■ WHAT YOU WILL DO
With pictures omitted, the line containing "in mesiobuccal root" and all later lines of the records below are to be restated word for word.
-- DATA PROVIDED follows --
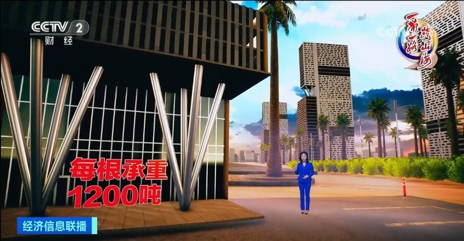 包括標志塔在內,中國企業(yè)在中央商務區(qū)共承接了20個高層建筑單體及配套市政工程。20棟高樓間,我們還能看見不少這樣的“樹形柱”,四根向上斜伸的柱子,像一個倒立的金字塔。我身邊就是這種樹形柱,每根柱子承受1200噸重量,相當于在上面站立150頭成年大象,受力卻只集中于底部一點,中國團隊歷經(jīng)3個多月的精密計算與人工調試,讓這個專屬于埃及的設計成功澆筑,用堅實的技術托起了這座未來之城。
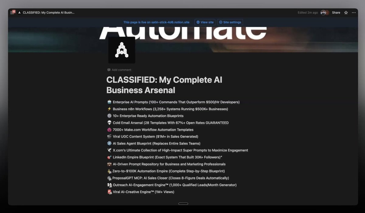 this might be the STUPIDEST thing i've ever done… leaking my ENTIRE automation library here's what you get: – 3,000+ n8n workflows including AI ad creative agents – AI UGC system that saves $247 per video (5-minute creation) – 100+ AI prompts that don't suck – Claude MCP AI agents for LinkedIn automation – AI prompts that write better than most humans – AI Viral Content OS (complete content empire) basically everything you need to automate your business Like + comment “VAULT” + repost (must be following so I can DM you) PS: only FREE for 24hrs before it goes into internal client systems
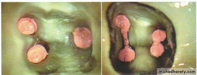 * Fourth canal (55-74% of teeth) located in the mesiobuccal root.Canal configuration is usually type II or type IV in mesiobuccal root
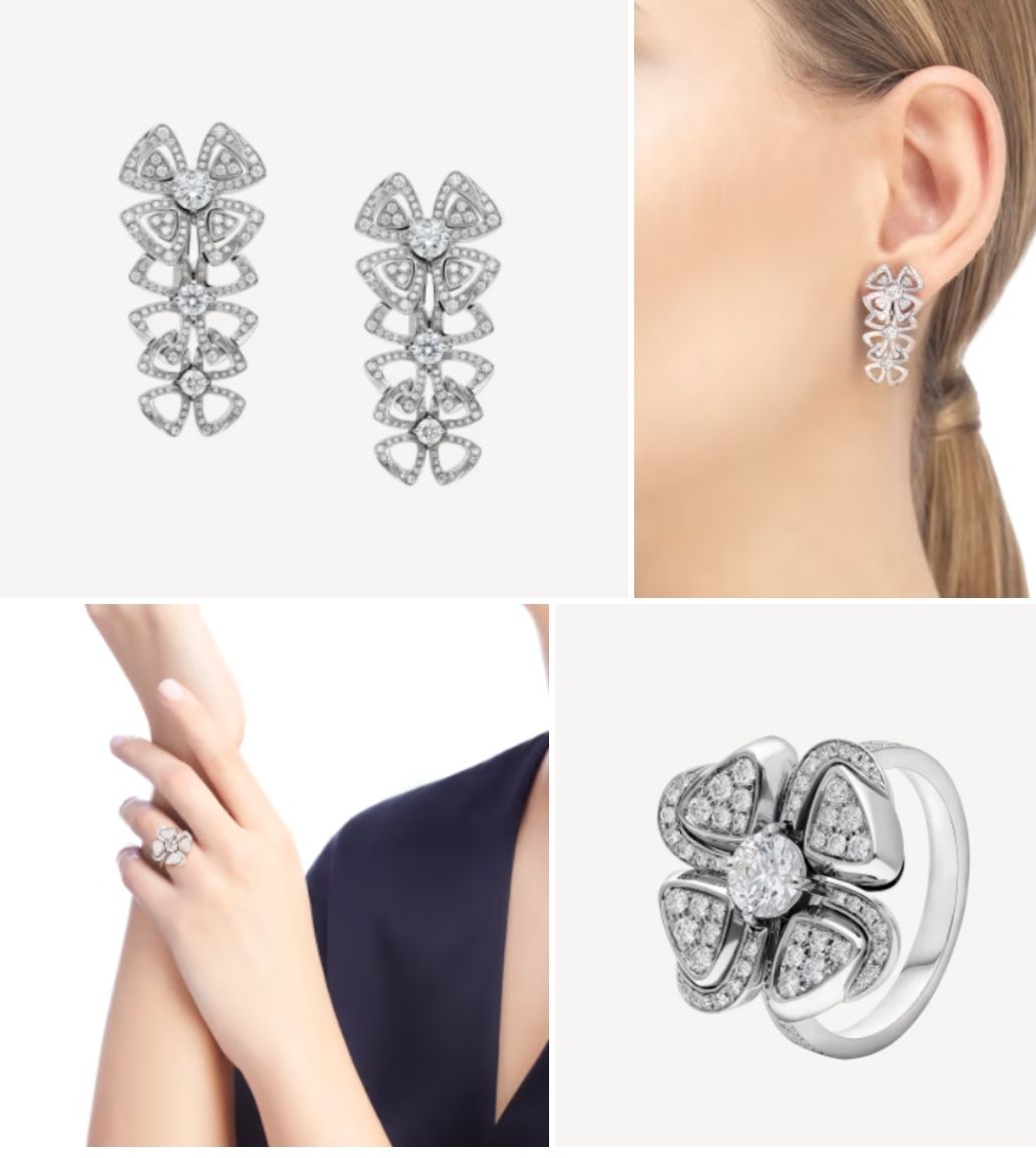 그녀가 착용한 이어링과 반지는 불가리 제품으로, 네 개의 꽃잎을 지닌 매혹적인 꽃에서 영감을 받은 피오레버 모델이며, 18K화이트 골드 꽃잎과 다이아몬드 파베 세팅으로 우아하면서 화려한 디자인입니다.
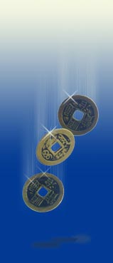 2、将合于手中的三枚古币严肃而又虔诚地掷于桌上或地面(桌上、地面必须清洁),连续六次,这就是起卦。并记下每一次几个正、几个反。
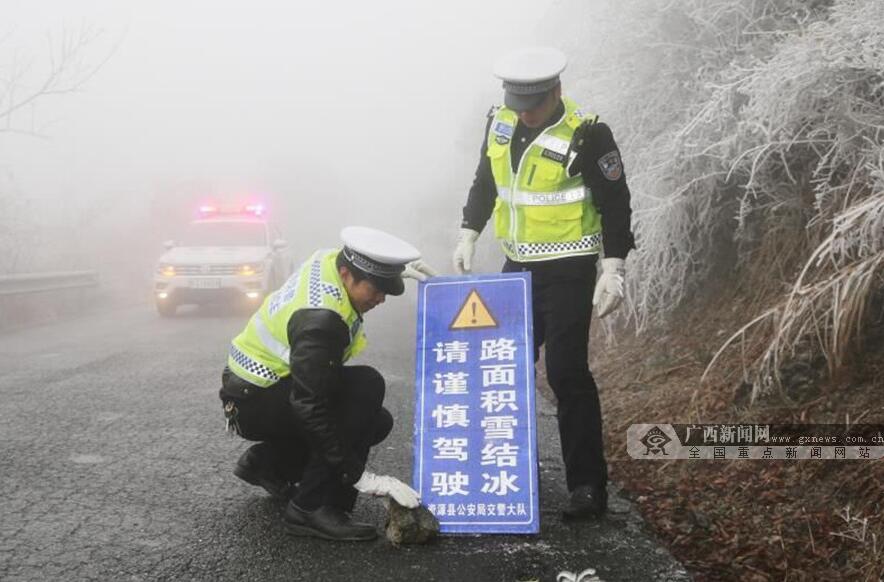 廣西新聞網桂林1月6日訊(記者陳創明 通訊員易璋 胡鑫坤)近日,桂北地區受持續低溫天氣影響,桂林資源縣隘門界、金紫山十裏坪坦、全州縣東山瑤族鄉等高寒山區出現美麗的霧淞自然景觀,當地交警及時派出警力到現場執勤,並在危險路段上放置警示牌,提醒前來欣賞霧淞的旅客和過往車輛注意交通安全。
-- DATA PROVIDED concluded --
■ REPLY TO THE TASK
 * Fourth canal (55-74% of teeth) located in the mesiobuccal root.Canal configuration is usually type II or type IV in mesiobuccal root
 그녀가 착용한 이어링과 반지는 불가리 제품으로, 네 개의 꽃잎을 지닌 매혹적인 꽃에서 영감을 받은 피오레버 모델이며, 18K화이트 골드 꽃잎과 다이아몬드 파베 세팅으로 우아하면서 화려한 디자인입니다.
 2、将合于手中的三枚古币严肃而又虔诚地掷于桌上或地面(桌上、地面必须清洁),连续六次,这就是起卦。并记下每一次几个正、几个反。
 廣西新聞網桂林1月6日訊(記者陳創明 通訊員易璋 胡鑫坤)近日,桂北地區受持續低溫天氣影響,桂林資源縣隘門界、金紫山十裏坪坦、全州縣東山瑤族鄉等高寒山區出現美麗的霧淞自然景觀,當地交警及時派出警力到現場執勤,並在危險路段上放置警示牌,提醒前來欣賞霧淞的旅客和過往車輛注意交通安全。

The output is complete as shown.